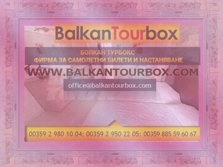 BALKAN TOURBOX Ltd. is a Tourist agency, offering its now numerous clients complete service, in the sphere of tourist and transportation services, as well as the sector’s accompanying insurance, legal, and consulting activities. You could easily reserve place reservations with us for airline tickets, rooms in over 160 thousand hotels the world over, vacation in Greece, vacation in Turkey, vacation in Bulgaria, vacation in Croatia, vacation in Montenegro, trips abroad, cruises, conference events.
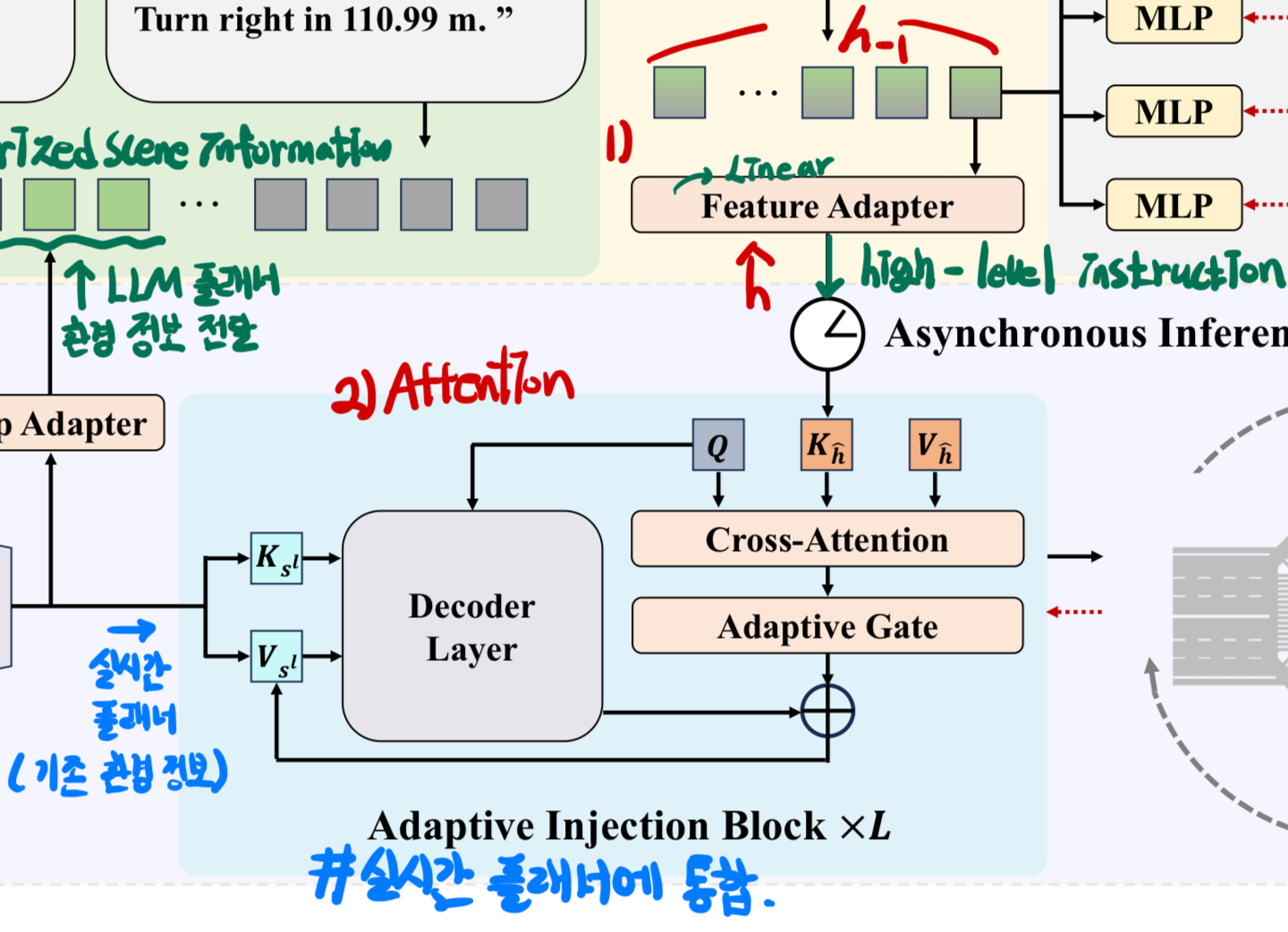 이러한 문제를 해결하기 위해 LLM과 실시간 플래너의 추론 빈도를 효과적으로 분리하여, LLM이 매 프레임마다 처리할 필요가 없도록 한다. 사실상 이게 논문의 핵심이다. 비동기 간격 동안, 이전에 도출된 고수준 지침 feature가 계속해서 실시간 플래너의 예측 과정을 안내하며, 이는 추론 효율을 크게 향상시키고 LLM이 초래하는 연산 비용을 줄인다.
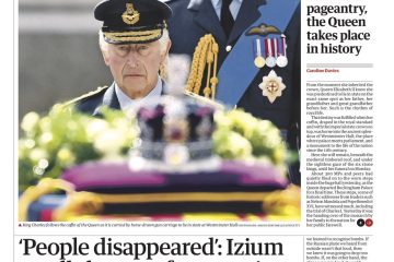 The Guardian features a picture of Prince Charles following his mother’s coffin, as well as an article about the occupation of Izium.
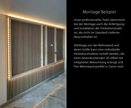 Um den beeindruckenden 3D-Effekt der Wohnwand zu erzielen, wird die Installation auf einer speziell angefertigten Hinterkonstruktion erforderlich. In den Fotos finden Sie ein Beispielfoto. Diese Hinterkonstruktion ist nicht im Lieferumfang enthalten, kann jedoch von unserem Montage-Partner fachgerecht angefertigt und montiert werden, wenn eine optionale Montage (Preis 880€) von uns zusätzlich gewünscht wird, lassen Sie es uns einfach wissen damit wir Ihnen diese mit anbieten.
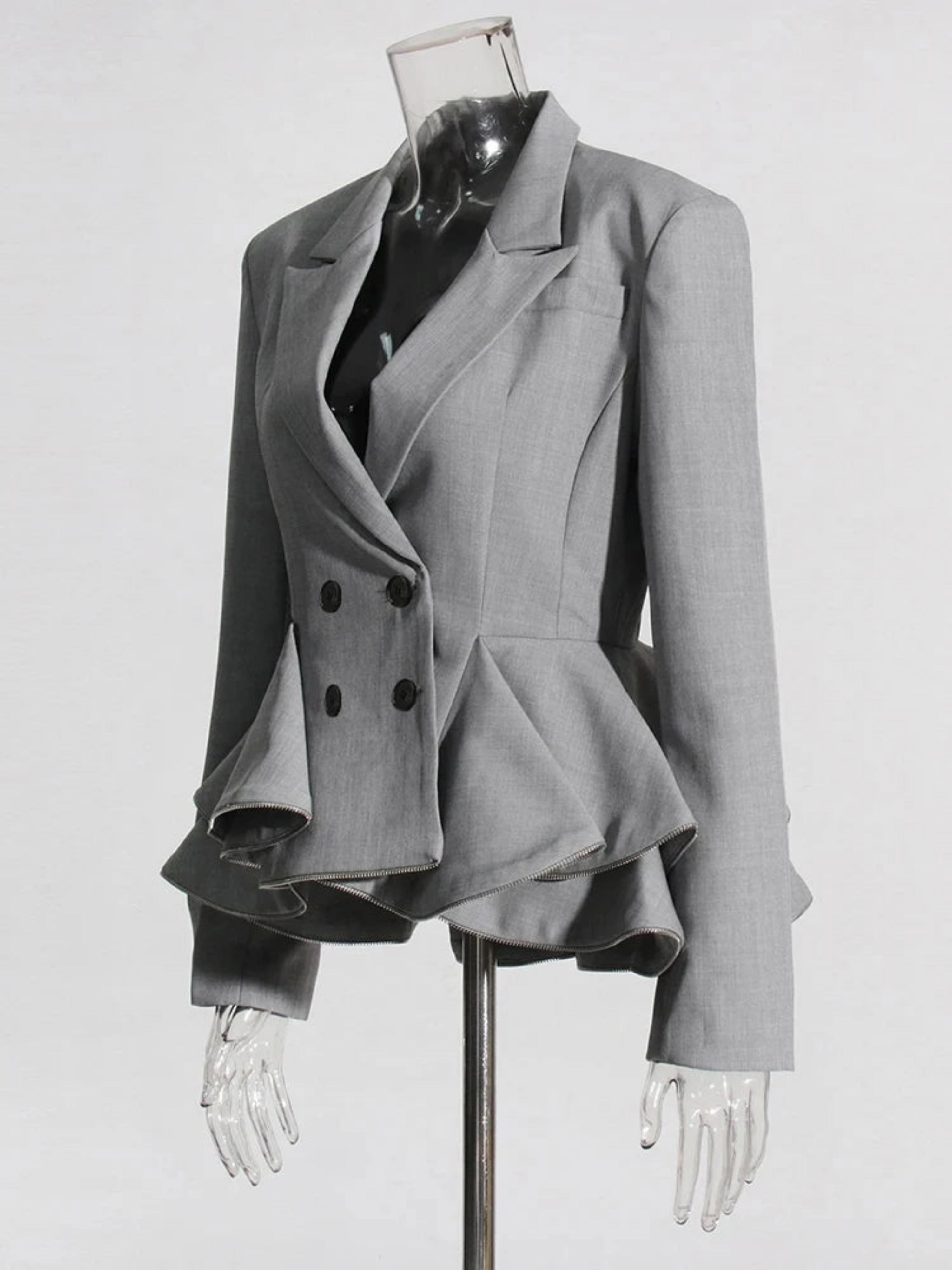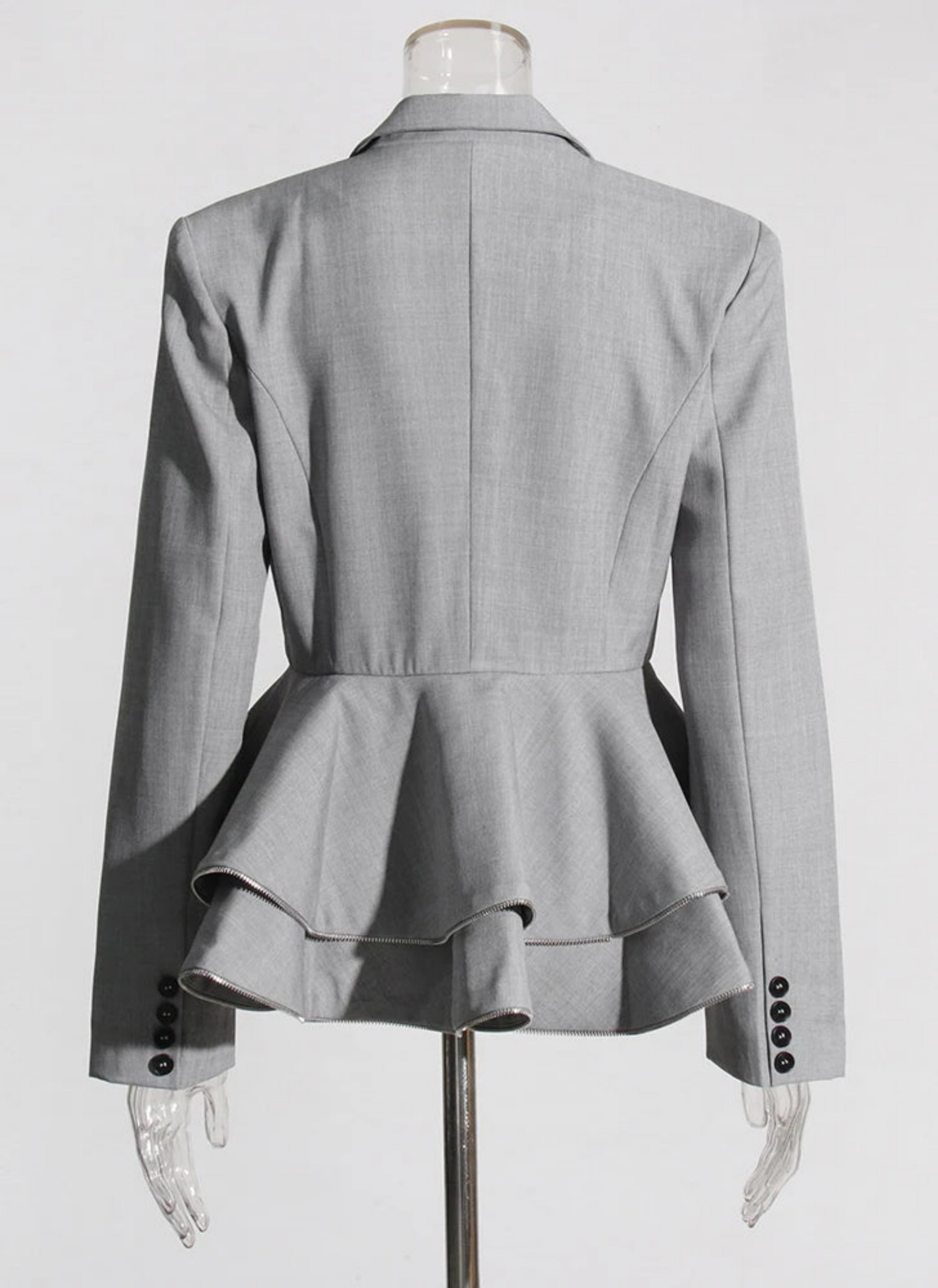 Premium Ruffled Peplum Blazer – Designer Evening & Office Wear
==
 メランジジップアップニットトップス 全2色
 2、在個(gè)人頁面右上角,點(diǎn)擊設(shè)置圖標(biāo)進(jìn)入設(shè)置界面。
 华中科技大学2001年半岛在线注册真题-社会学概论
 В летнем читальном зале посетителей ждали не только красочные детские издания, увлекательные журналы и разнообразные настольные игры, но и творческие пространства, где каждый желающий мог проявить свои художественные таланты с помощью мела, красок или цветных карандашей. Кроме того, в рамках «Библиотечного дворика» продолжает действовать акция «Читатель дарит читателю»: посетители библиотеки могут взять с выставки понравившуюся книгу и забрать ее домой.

| Required work |
A word-for-word reproduction is needed of the lines above from the line containing "Um den beeindruckenden" through the line containing "Premium Ruffled Peplum", with both ends kept and no pictures.

| Final answer |
 Um den beeindruckenden 3D-Effekt der Wohnwand zu erzielen, wird die Installation auf einer speziell angefertigten Hinterkonstruktion erforderlich. In den Fotos finden Sie ein Beispielfoto. Diese Hinterkonstruktion ist nicht im Lieferumfang enthalten, kann jedoch von unserem Montage-Partner fachgerecht angefertigt und montiert werden, wenn eine optionale Montage (Preis 880€) von uns zusätzlich gewünscht wird, lassen Sie es uns einfach wissen damit wir Ihnen diese mit anbieten.
 Premium Ruffled Peplum Blazer – Designer Evening & Office Wear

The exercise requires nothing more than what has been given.